Proving that a subgroup of a finitely generated abelian group is finitely generated A question says: Using the isomorphism theorems or otherwise, prove that a subgroup of a finitely generated abelian group is finitely generated. 
I would say that for a finitely generated abelian group $G$, there exists elements $g_1,\dots, g_n$ such that a linear combination of them generates the whole group.
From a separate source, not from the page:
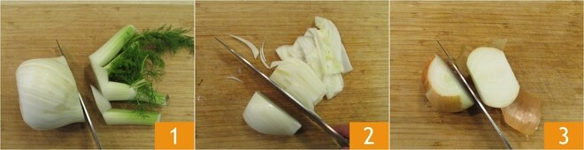 Para preparar o risoto de erva-doce e primosale, primeiro limpe a erva-doce guardando as sobras 1. Em seguida, fatie-as finamente 2. Divida a cebola ao meio 3.
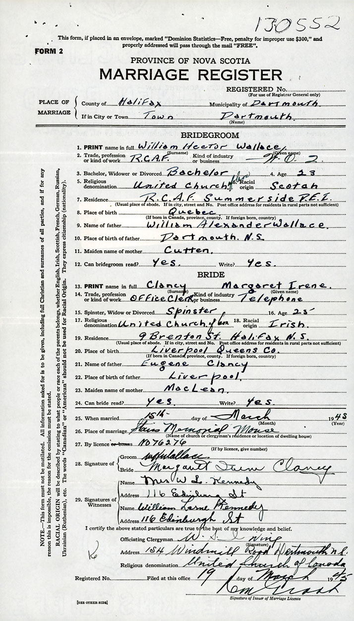 According to a certified copy of the Decree Absolute for Divorce dated 1953-8-18 and filed in the Office of the Registrar General under Divorce number 294, it is ordered that the marriage of William Hector Wallace and Margaret Irene Clancy (Registered under marriage number 1945-130552) be null and void.

Therefore as every element of a subgroup has an element in $G$ and so can be made by a linear combination of $g_1,\dots, g_n$. This means that $g_1,\dots, g_n$ span the whole subgroup and so there exists a subset of $g_1,\dots, g_n$ which generates the subgroup. 
This answer seems far too 'linear algebra-ish' rather than 'group theory-ish' and I can't seem to see how one would use the isomorphism theorems? Help would be appreciated! 
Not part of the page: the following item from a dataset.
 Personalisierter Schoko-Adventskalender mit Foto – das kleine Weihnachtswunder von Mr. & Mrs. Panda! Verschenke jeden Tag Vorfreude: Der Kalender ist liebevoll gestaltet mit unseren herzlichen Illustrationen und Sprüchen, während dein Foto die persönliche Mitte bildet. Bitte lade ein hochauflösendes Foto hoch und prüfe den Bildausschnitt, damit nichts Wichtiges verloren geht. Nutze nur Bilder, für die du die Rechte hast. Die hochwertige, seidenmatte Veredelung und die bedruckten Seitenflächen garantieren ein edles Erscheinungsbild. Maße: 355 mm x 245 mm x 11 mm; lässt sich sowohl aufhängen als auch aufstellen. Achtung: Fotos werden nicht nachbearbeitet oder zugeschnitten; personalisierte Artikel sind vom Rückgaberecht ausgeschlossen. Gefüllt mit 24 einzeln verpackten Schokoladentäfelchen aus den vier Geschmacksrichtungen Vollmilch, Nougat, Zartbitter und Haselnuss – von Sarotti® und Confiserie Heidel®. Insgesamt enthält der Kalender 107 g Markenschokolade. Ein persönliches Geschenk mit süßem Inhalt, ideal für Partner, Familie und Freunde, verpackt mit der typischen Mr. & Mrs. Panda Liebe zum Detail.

 A: This follows from the following theorem, which is a common ingredient in the proof of the structure theorem for finitely generated abelian groups:
Theorem. Let $r\gt 0$ be a positive integer, and let $H$ be a subgroup of $\mathbb{Z}^r$. Then there exists a basis $a_1,\ldots,a_r$ of $\mathbb{Z}^r$, an integer $d$, $0\leq d\leq r$, and positive integers $m_1,\ldots,m_d$ such that $m_1|m_2$, $m_2|m_3,\ldots,m_{d-1}|m_d$ such that $m_1a_1,\ldots,m_da_d$ is a basis for $H$. In particular, $H$ is free and finitely generated.
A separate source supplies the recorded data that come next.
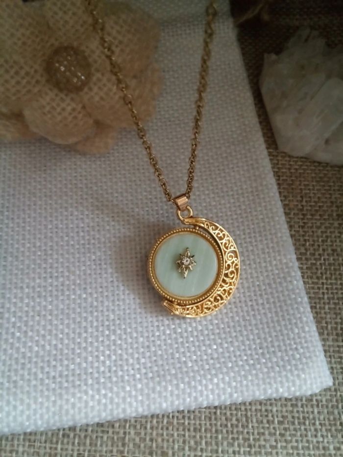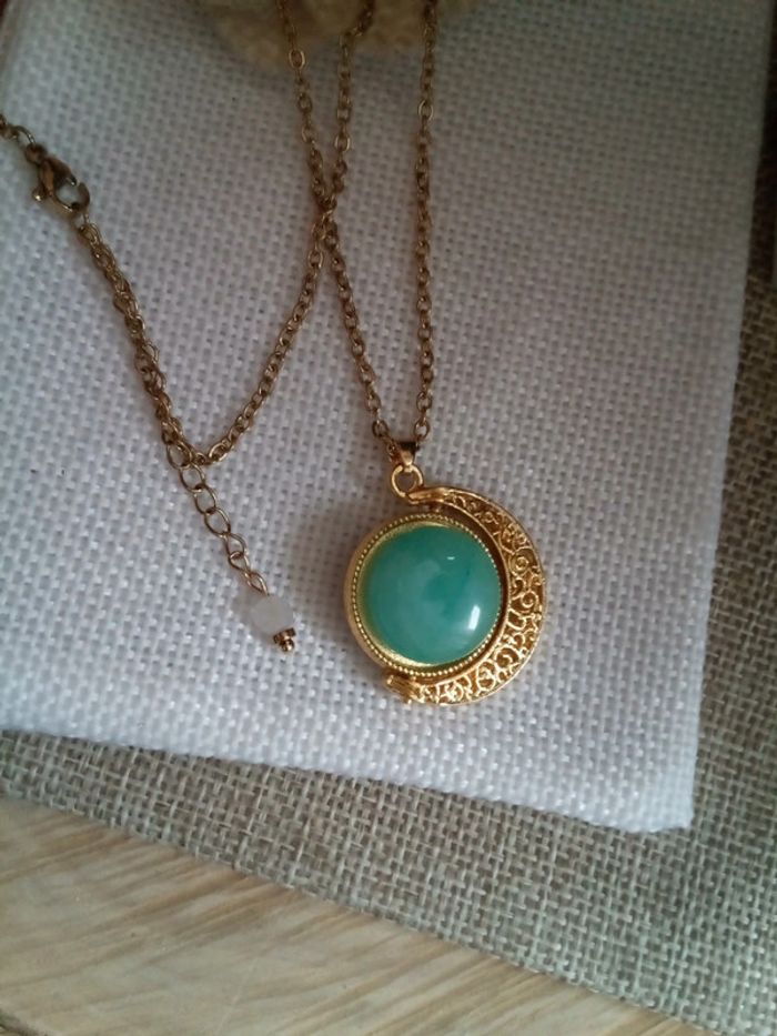 Collier lune filigranée, réversible amazonite et quartz - photo numéro 4
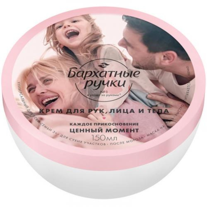 Универсальный крем «Бархатные ручки» предназначен для ухода за кожей рук, лица и тела всей семьи. Он эффективно борется с сухостью и шелушением, обеспечивая увлажнение на протяжении 24 часов. Формула крема обогащена маслами кокоса, какао и ши, которые известны своими смягчающими и восстанавливающими свойствами. Ламеллярная структура крема обеспечивает легкое нанесение и быстрое впитывание, не оставляя ощущения липкости на коже.
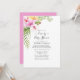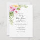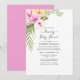 Watercolor summer drive through bridal or baby shower invitation featuring orange and pink hibiscus.
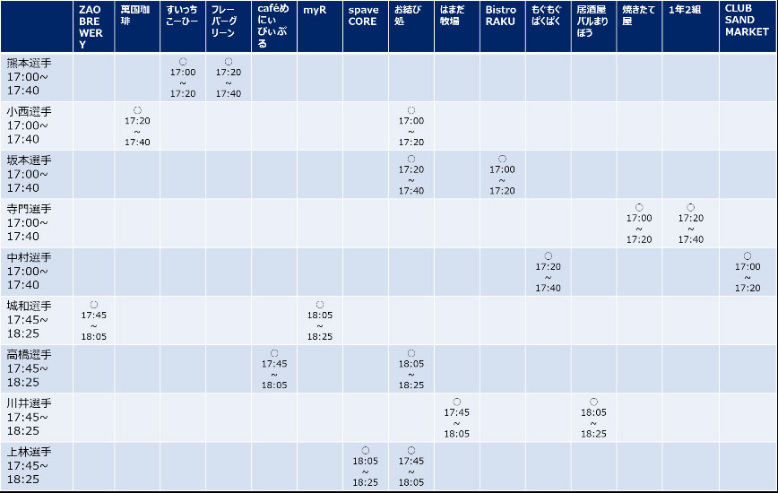 | 参加選手 | ①熊本雄太選手・小西雄大選手・坂本亘基選手・寺門陸選手・中村亮太朗選手 ②高橋潤哉選手・川井歩選手・城和隼颯選手・上林大誠選手 ※コンディションにより、選手は変更・不参加となる場合があります。 |

You can see a proof of this in this previous answer.
To see how this proves the result, suppose that $G$ is abelian and finitely generated by $g_1,\ldots,g_r$. Let $H$ be a subgroup of $G$. There is a surjection $\mathbb{Z}^r\to G$ given by mapping the standard basis vector $\mathbf{e}_i$ to $g_i$; the subgroup $H$ corresponds to a subgroup $\mathcal{H}$ of $\mathbb{Z}^r$ by the isomorphism theorems. By the Theorem, $\mathcal{H}$ is finitely generated, and hence its image, $H$, is also finitely generated (generated by the images of the generators of $\mathcal{H}$).
A: This basically follows from the fact that $\mathbb Z$ is noetherian. 
Let's say a module $M$ over a commutative ring $R$ is noetherian if every submodule of $M$ is finitely generated. This condition is stable under extensions, if $0\to A\to B\to C \to 0$ is an exact sequence of $R$ modules, and $A$ and $C$ are noetherian, then $B$ is noetherian. Conversely, if $B$ is noetherian, then $A$ and $C$ are noetherian.
We say that a commutative ring $R$ is noetherian if $R$ is a notherian module over itself. If $R$ is a noetherian ring, then $R^n$ is a noetherian module for all $n\ge 1$ by extension stability. 
Thus, if $R$ is a noetherian ring, then every finitely generated module over $R$ is noetherian. 
A: Here is a proof by induction on number of generators.
For $n=1$ it is easy to see that subgroup of a cyclic group is always cyclic. Now assume that the statement is true for all abelian groups with atmost  $n$ generators.
Consider $G= (x_1,\ldots,x_n,x_{n+1})$ and $G'=(x_1,\ldots , x_n)$. Let $H$ be any subgroup of $G$, then $H\cap G'$ is a subgroup of $G'$, thus by inductive hypothesis $H\cap G'$ is finitely generated. By an isomorphism theorem we get
$$ H/H\cap G' \cong HG'/G'\le G/G'$$
Now $G/G'$ is generated by $x_{n+1}G'$ implies that $H/H\cap G'$ is cyclic say generated by $yH\cap G'$ and say $H\cap G'$ is generated by $y_1,\ldots,y_k$ then it is easy to see that $H$ is generated by $y_1,y_2,\ldots,y_k$ and $y$.